CC> These eight outputs act as resets on eight separate integrators being fed
CC> current from buffers running off the other part of the dual pot. If the pot is a
CC> Meg and you put 15V into one side and a 10K resistor between the other side and
CC> ground then the output (centre) sweeps between 0.15V and 15V in a basically
CC> loinear fashion. This ensures that as the clock speed of the 555 goes up
CC> (basically linear if all you want is 100:1) then the current being seen by each
CC> integrator goes up, therfore the reset voltage on the integrators stays
CC> constant......try to match the caps in the integrators and trim it in on the
CC> resistance. The voltage at output of the integrators will be pretty low so amp
CC> up to 8V P-P (probably best off trimming here rather than at the integrator
CC> iteself) .....Then you need to extract a 0-10V triangle wave from the sawteeth
CC> and you have a Shep generator...
CC> OK bad points....no VC, good points no insanely matched components. I make it
CC> one 555 a 4022, eight TLO74's and a bunch of R's and C's.....

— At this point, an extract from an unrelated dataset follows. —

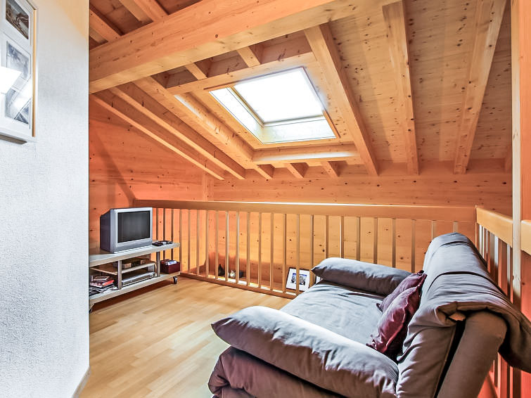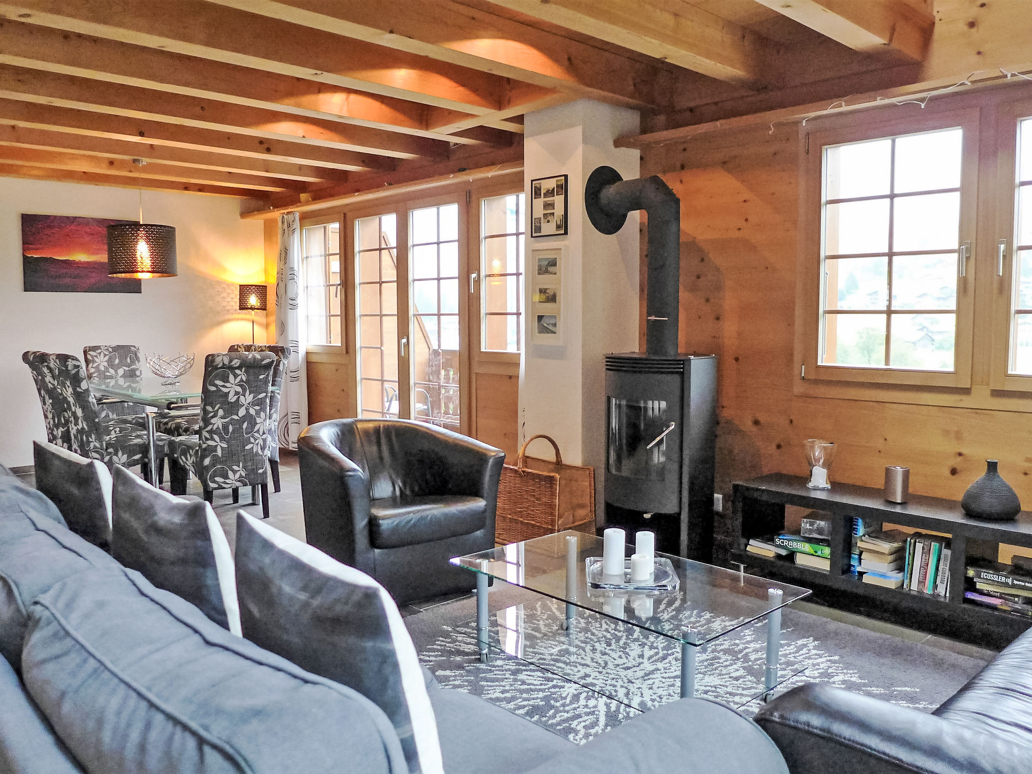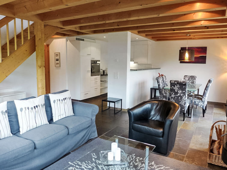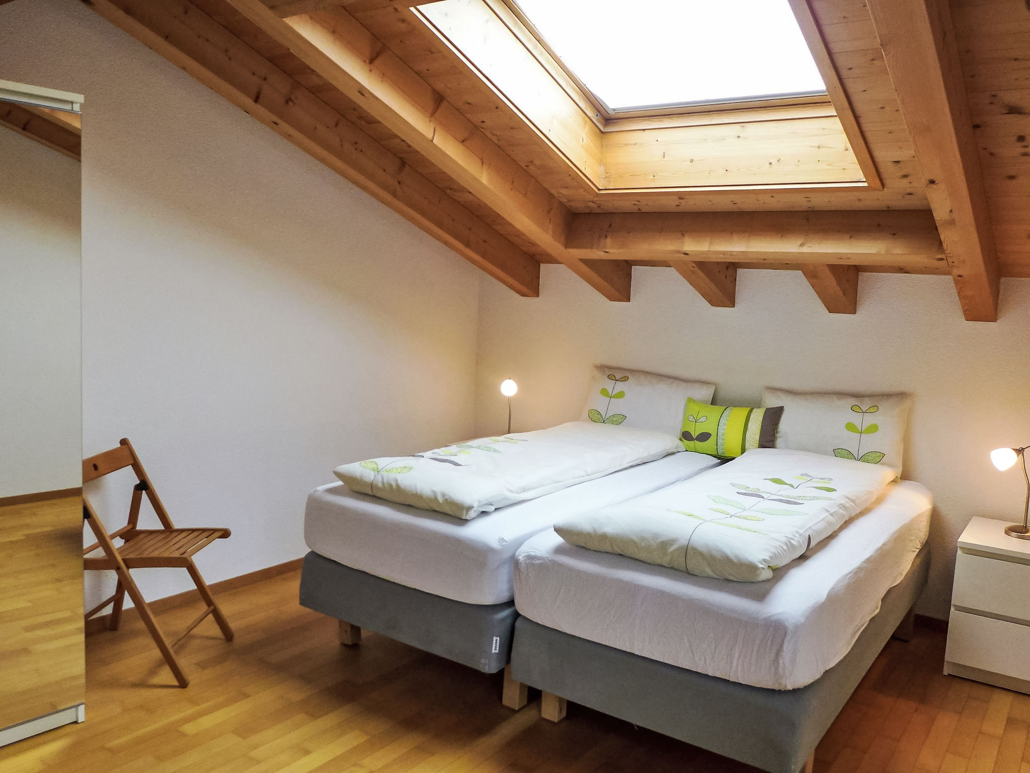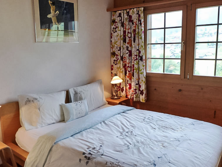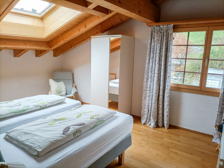 4-Zimmer-Attikawohnung 126 m2 auf 2 Stockwerken im 1. Stock, Südlage. Teilweise abgeschrägt, komfortabel und gemütlich eingerichtet: Wohn-/Esszimmer mit Schwedenofen und Kabel-TV (Flachbildschirm), Radio, CD und DVD. Ausgang zum Balkon, Richtung Süden und Richtung Westen. 1 Zimmer mit 2 Betten (90 cm, Länge 200 cm). Offene Küche (Backofen, Geschirrspüler, 4 Glaskeramikplatten, Toaster, Wasserkocher, Mikrowelle, elektrische Kaffeemaschine, Kapseln für die Kaffeemaschine (Nespresso) extra, Racletteofen, Fondue Set (Käse)). Dusche/WC. Bodenheizung. Obergeschoss: 1 Zimmer mit 2 Betten (90 cm, Länge 200 cm). 1 Zimmer mit 1 franz. Bett (160 cm). Bad/WC. Fussbodenheizung. Parkettboden, Natursteinboden. Balkon 21 m2, Südlage und Westlage. Balkonmöbel. Herrliche Sicht auf die Berge und Eigernordwand. Zur Verfügung: Waschmaschine, Wäschetrockner, Haartrockner. Internet (Wireless LAN, gratis). Parkplatz Nr. 10 Leeson (überdacht, 1 Auto). Bitte beachten: Nichtraucher-Unterkunft. Feuerlöscher.

CC> If you want VC then you'll need to give it an input for a VCO and one for the
CC> control voltage for the VCO, you'll need a clock divider for the VCO and an expo
CC> converter built into the integrator stage, however you'll only need one expo
CC> converter but with eight outputs, so that's nine matched transistors.....
CC> Anybody willing to run with this, I'm busy ATM so don't hold your breath waiting
CC> for my version.....remember where you heard it first......
All this rings a familiar bell, it sounds like something similar to
the Paia Shepard kit. Just looking at the theory description of it is
quite enlightening. The Shepard kit has CV and envelope out for 8
VCO/VCA stacks.
The Paia kit will do a similar arthmetic in the digital domain but
messing around with the upper bits of the counter in order to generate
the 16 diffrent versions.
I have been thinking about some voltage tricks to achieve similar
effects using just op-amp cursuits from a common oscillator.
The benefit of such a cursuit would be CV-in/CV-out. Look at it as a
saw-wave VCO followed by a custom waveshaper. A gut feeling says that
it can be done but I also think that some minor CMOS coulp help the
sequencing and thus propably reduce the complexity.
I think that your cursuit probably could benefit from taking a good
VCO instead of the 555 to benefit the CV properties. Actually, when
you consider the full complexity of the Shepard generator in action I
think you can motivate the better oscillator.